6.1. 多线程(run_crawler_multi_thread.py) 
适用场景:适合I/O密集型任务,如网络请求,因为线程在等待I/O操作(如网络响应)时可以让出CPU给其他线程。 实现逻辑:
- 使用ThreadPoolExecutor来管理线程池。
 - 将任务(获取单页货币数据)分配给线程池中的线程执行。
 - 使用executor.map来并行处理多个页面的数据获取,这个方法会自动处理任务的分配和结果的收集。
 
6.2. 多进程(run_crawler_multi_process.py) 
适用场景:适合CPU密集型任务,但在这个案例中,它用于处理I/O密集型任务,这通常不是最佳选择,因为进程间通信成本较高。 实现逻辑:
- 使用multiprocessing.Pool来创建进程池。
 - 类似于多线程,使用pool.map来并行处理多个页面的数据获取。
 - 进程间的数据传递通过序列化和反序列化实现,这可能会引入额外的开销。
 
6.3. 协程(run_crawler_multi_coroutine.py) 
适用场景:非常适合I/O密集型任务,如网络请求。协程通过事件循环和非阻塞I/O操作提高程序的执行效率。 实现逻辑:
- 使用asyncio库来管理协程。
 - 使用httpx.AsyncClient进行异步HTTP请求,这允许在等待网络响应时不阻塞程序的其他部分。
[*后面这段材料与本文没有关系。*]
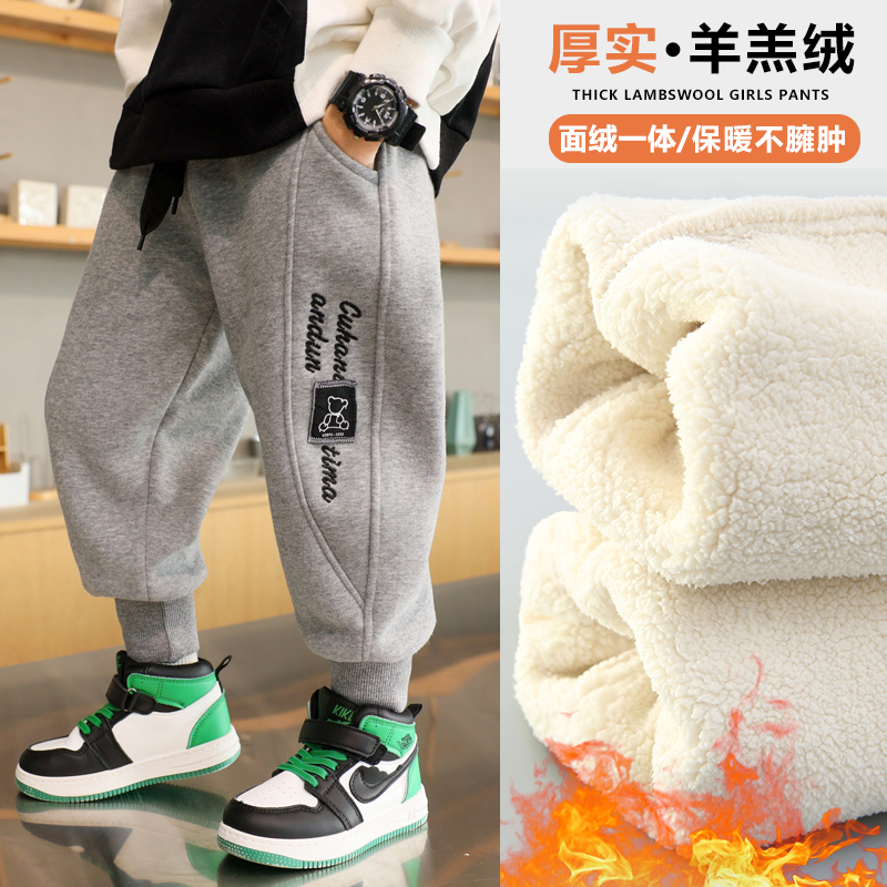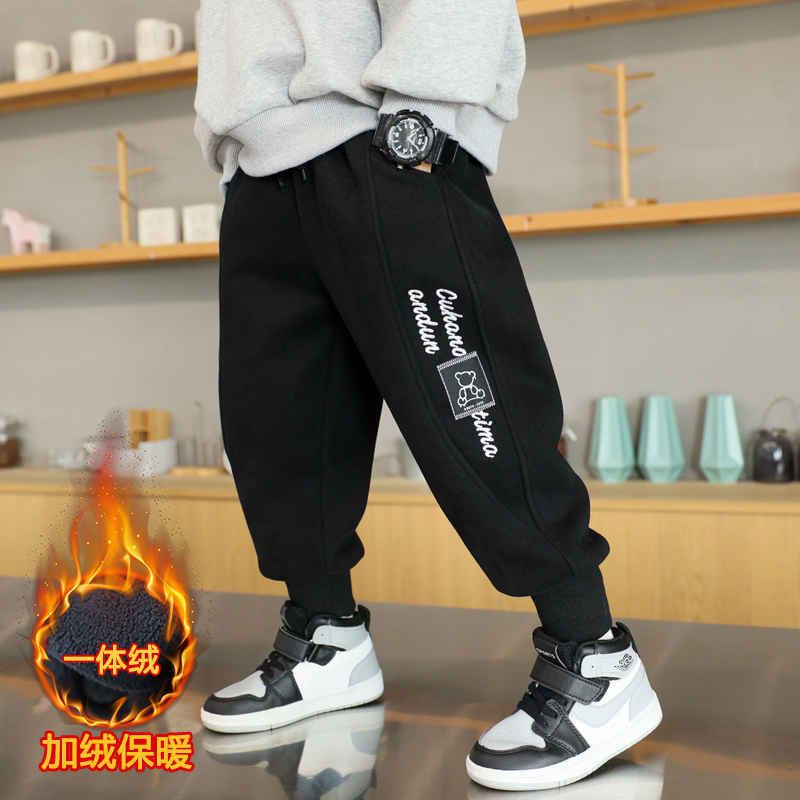 Boy pants autumn winter style Han version in Korean version Children's winter sweatpants garnter thickened and integrated suede baby sports pants-Taobao

 - 使用asyncio.gather来并发执行多个协程,这些协程分别处理不同页面的数据获取。
 
总结
- 多线程和多进程都可以处理并发任务,但在处理大量的网络I/O操作时,它们可能不如协程高效。
 - 协程提供了最高的效率和最佳的资源利用率,特别是在处理网络I/O密集型任务时。
 - 在选择并发策略时,应考虑任务的类型(CPU密集型还是I/O密集型)、系统的资源(如CPU核心数)以及程序的复杂性。